Data segment:
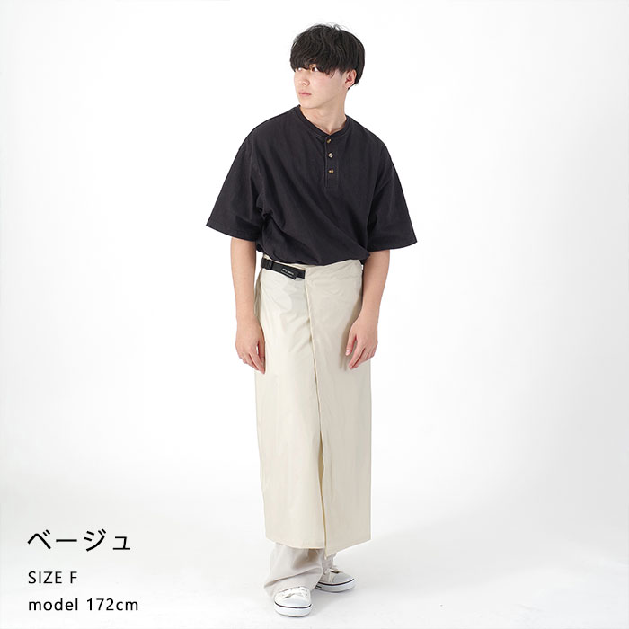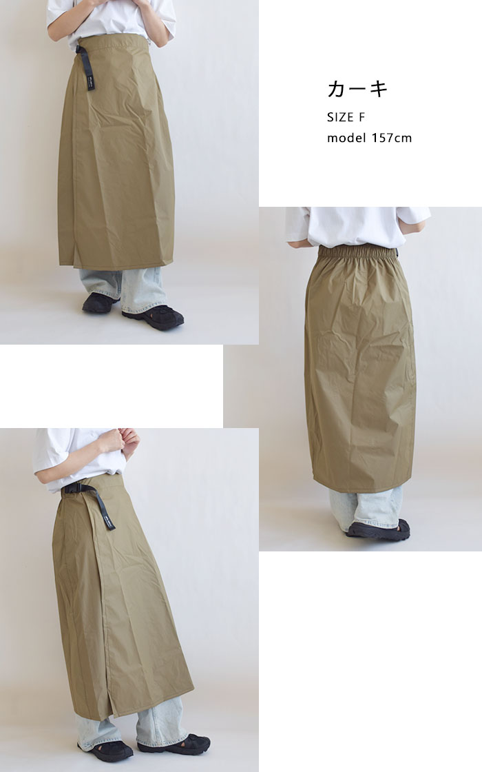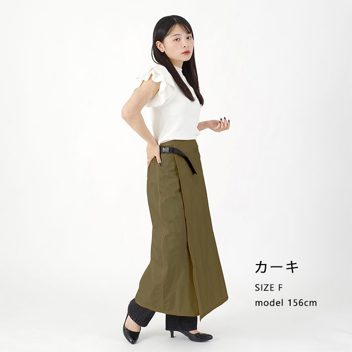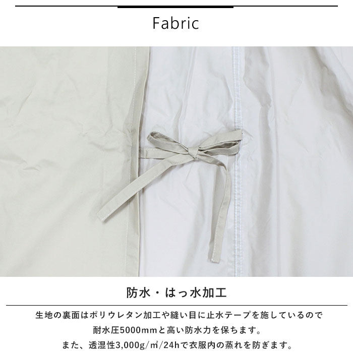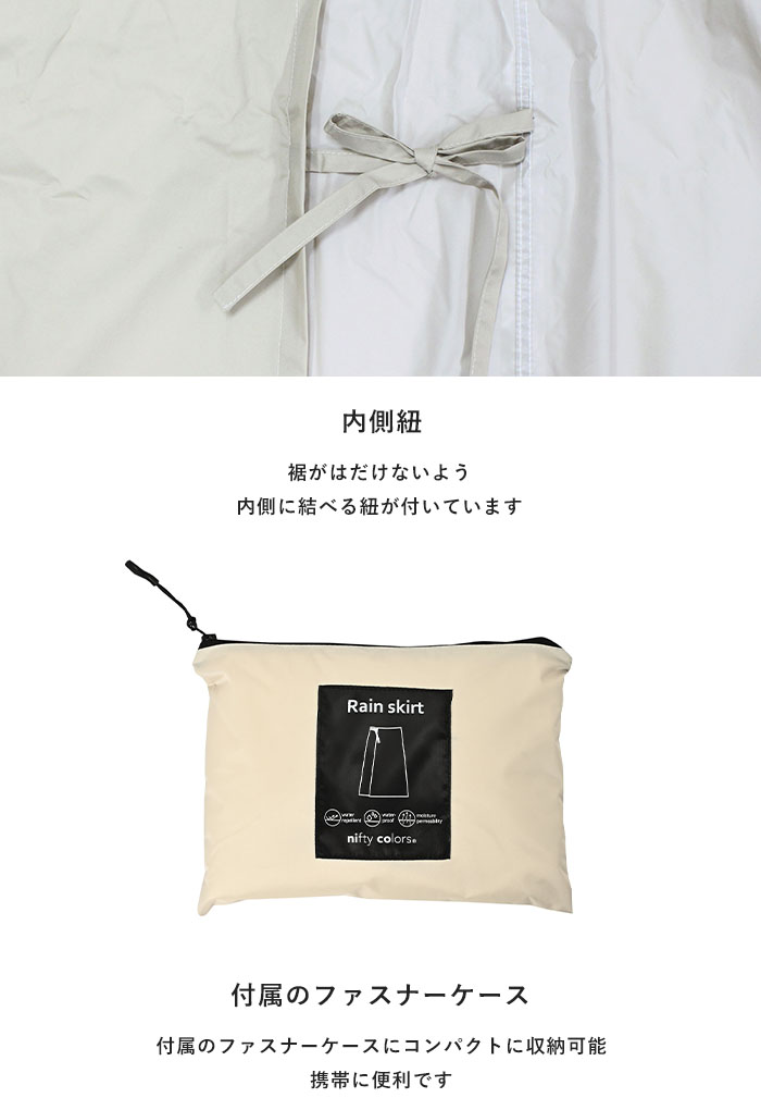 商品説明 雨でボトムが濡れるのを防ぐ、ラップタイプのレインスカートです。アジャスターで止める巻きスカート仕様なので立ったままで着脱可能。後ろのゴムとベルトの長さで腰回りが調節でき幅広いサイズに対応可能、ユニセックスでお使いいただけます。生地の裏面はポリウレタン加工や縫い目に止水テープを施しているので耐水圧5000mmと高い防水力を保ちます。裾がはだけないよう、内側に結べる紐が付いています。付属のファスナーケースにコンパクトに収納可能、携帯に便利です。(本製品は防水・はっ水加工しておりますが、完全防水ではございません。)
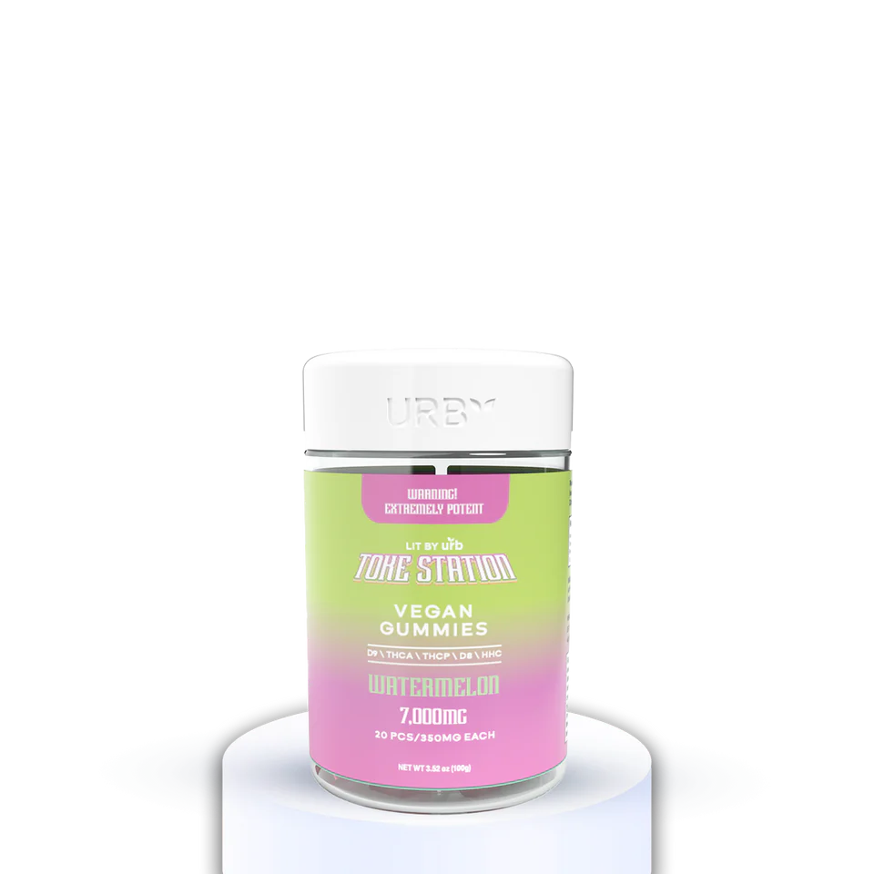 Urb x Toke Station Vegan Gummies | D9+THCA+THCP+D8+HHC | 7000mg | 20 Count Jar | WATERMELON
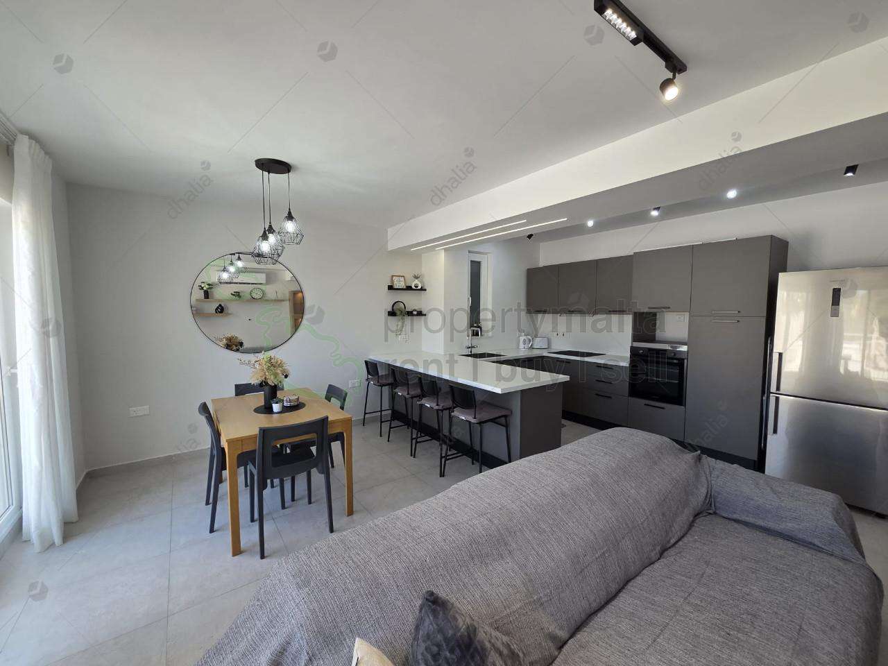 Discover this brand new luxury-finished three-bedroom, two-bathroom apartment set in the peaceful village of Kercem. Enjoying a quiet residential location, the property is designed with modern comfort in mind and finished to the highest standards. The apartment features a spacious open-plan kitchen, living and dining area filled with natural light, large windows and a front balcony enjoying breathtaking views over the lush Lunzjata Valley, creating a serene and picturesque living environment.
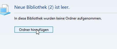 Um Ordner hinzuzufügen, müssen diese in die Bibliothek aufgenommen werden, dazu im Explorer auf Ansicht, Ordneroptionen und "Bibliotheken anzeigen":

Required work: Whenever a picture appears in the listing, leave it out; copy everything else exactly.

Answer to this exercise:
 商品説明 雨でボトムが濡れるのを防ぐ、ラップタイプのレインスカートです。アジャスターで止める巻きスカート仕様なので立ったままで着脱可能。後ろのゴムとベルトの長さで腰回りが調節でき幅広いサイズに対応可能、ユニセックスでお使いいただけます。生地の裏面はポリウレタン加工や縫い目に止水テープを施しているので耐水圧5000mmと高い防水力を保ちます。裾がはだけないよう、内側に結べる紐が付いています。付属のファスナーケースにコンパクトに収納可能、携帯に便利です。(本製品は防水・はっ水加工しておりますが、完全防水ではございません。)
 Urb x Toke Station Vegan Gummies | D9+THCA+THCP+D8+HHC | 7000mg | 20 Count Jar | WATERMELON
 Discover this brand new luxury-finished three-bedroom, two-bathroom apartment set in the peaceful village of Kercem. Enjoying a quiet residential location, the property is designed with modern comfort in mind and finished to the highest standards. The apartment features a spacious open-plan kitchen, living and dining area filled with natural light, large windows and a front balcony enjoying breathtaking views over the lush Lunzjata Valley, creating a serene and picturesque living environment.
 Um Ordner hinzuzufügen, müssen diese in die Bibliothek aufgenommen werden, dazu im Explorer auf Ansicht, Ordneroptionen und "Bibliotheken anzeigen":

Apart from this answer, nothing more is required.